Our look at business conditions shows that overall revenues dropped a bit in 2022 vis-à-vis 2021, although not for everyone. Shops with 10–19 employees performed above average, and shops with 20–40 employees also saw a revenue rise compared to 2021. The largest print businesses (100+ employees) were also up a bit. The two size categories that saw revenue declines from 2021 were the smallest (one to nine employees) and those with 50–99 employees.
We indexed business conditions to 2015, the first year we began these regular surveys. Until 2020, 2015 was the gold standard for a pretty lousy year for the industry, so it had been easy to see improvement in the subsequent years.

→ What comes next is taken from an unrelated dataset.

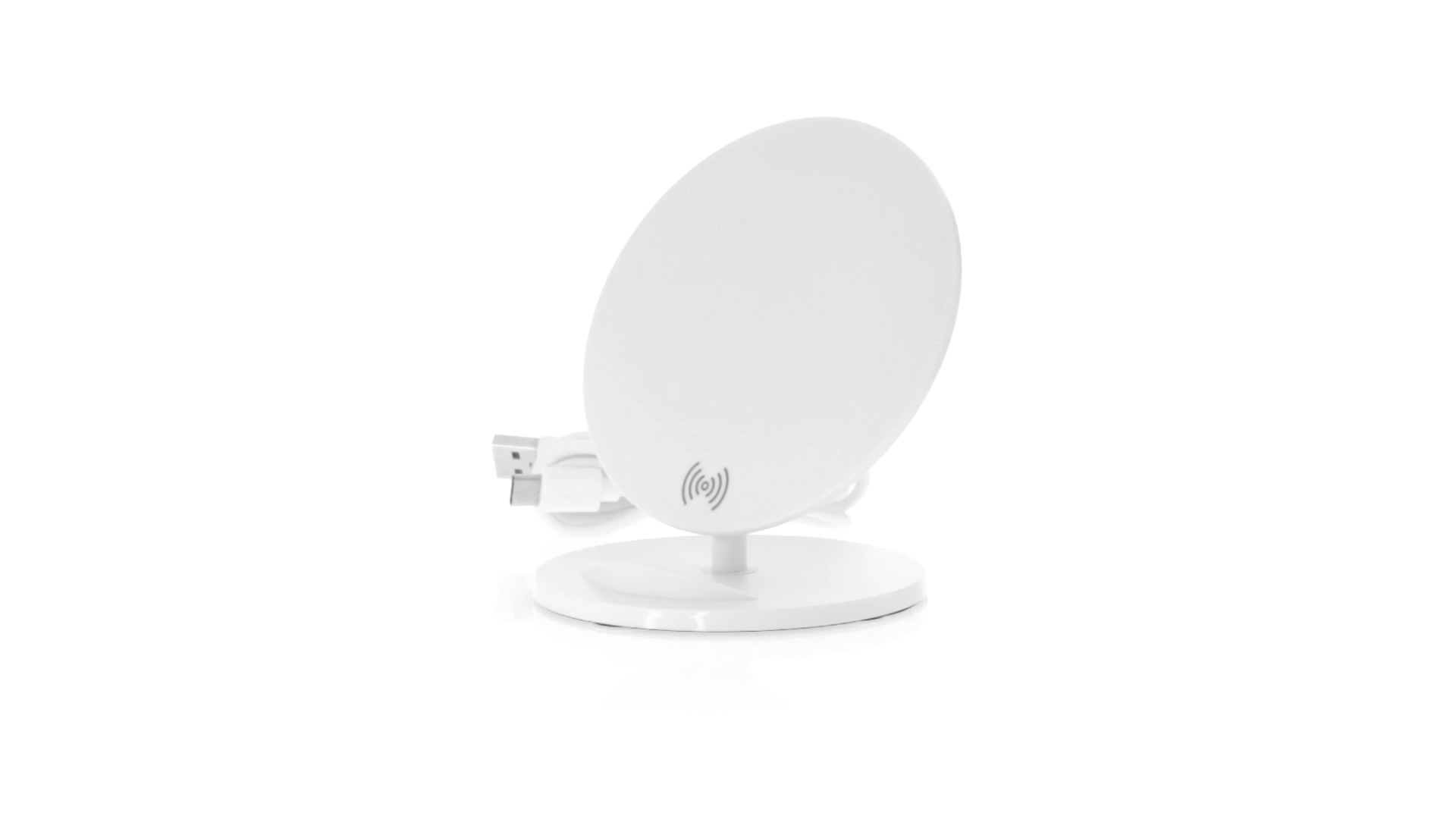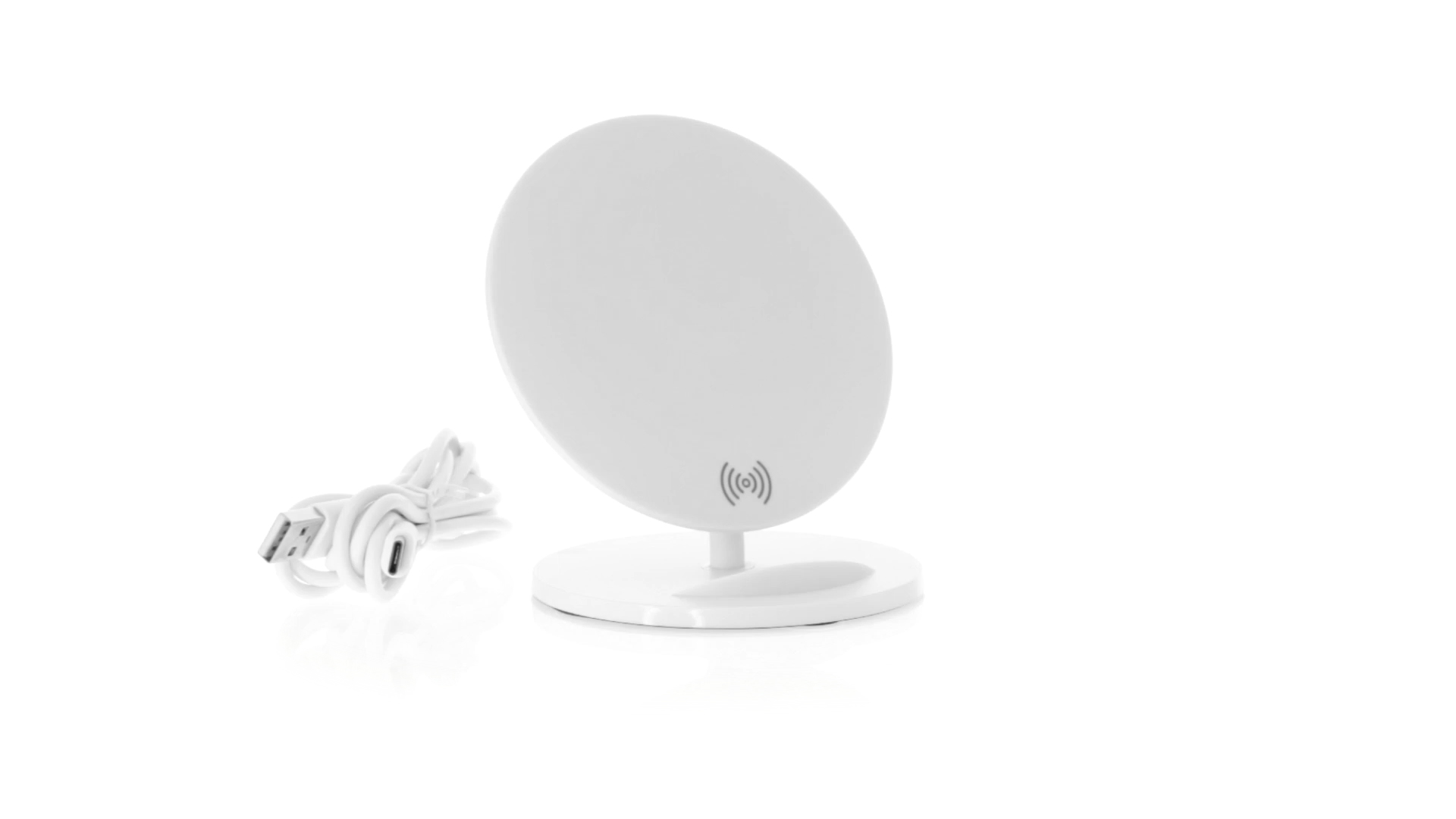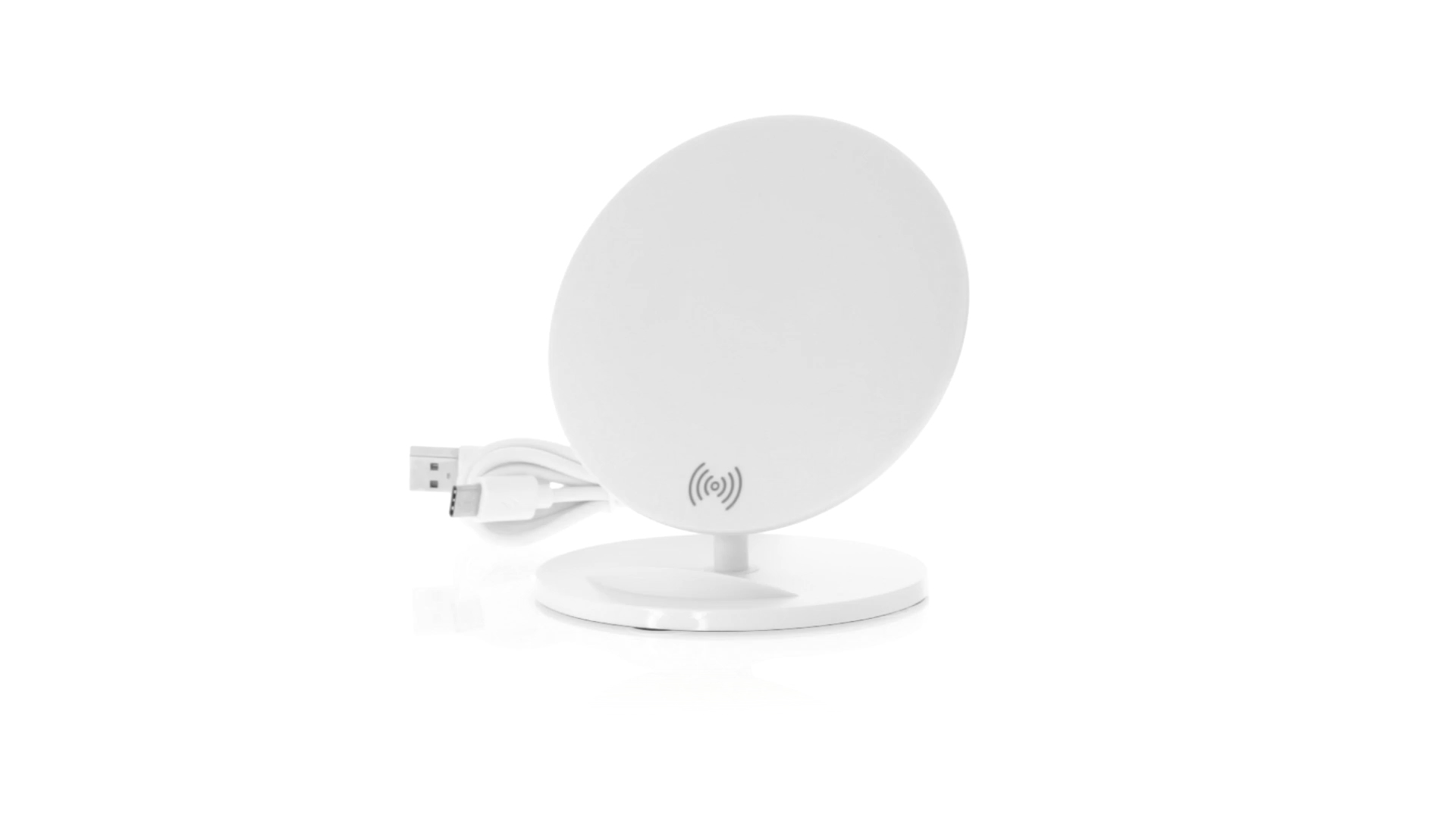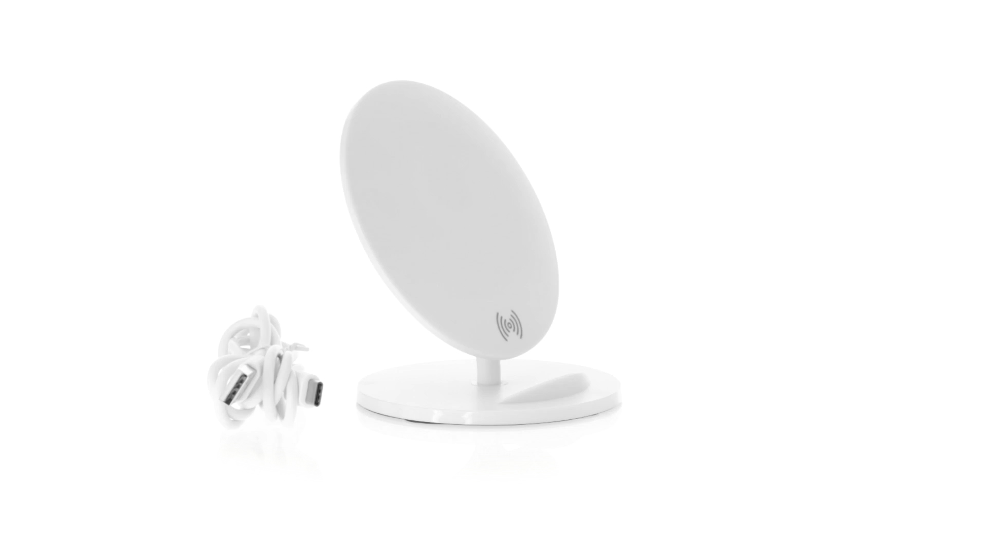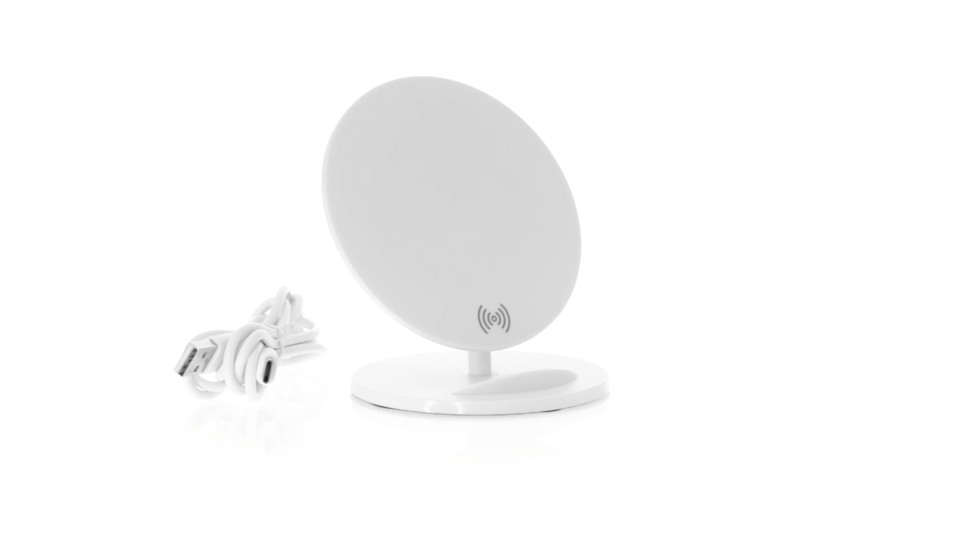 Kabelloses Ladegerät in Weiss mit QI-Technologie (induktive Energieübertragung). Mit integriertem Ständer für Mobilgerät und rutschfester Unterseite. Kompatibel mit Geräten, die mit kabelloser Ladetechnik ausgestattet sind. Präsentiert in einer attraktiven Designbox.

The “tale of two cities” gap between large and small shops had been looking pretty apparent, although one- to nine-employee firms appear to be a city unto themselves, leading the pack by far at least in terms of revenues—and then plummeting even more dramatically in 2020, rebounding just as dramatically in 2021, and falling almost as dramatically in 2022. 2020 and its immediate aftermath were outlier years (hopefully the last of them) so we should look at 2022 as something of a return to normalcy, and not view a slight drop in BCI as anything to get overly alarmed about.
In a normal year, smaller print businesses are able to transition to new products and technologies much more nimbly—or with more agility—than larger businesses. And, given that they are, for the most part, all-digital shops, that helps them adapt to a changing product mix, as well as keep overhead low.
And while all of these things were what helped many print businesses transition to new kinds of products and services during the pandemic, smaller shops didn’t always have the resources to do so, and even a modest disruption in their shop volume and cashflow caused great hardship for these businesses.
Although there were few pandemic-related effects in 2022 (aside from people continuing to get sick), there was the unholy trinity of post-pandemic challenges that businesses had to deal with: the difficulty with getting supplies (mostly paper) and the cost of those supplies, employment-related challenges, and inflation.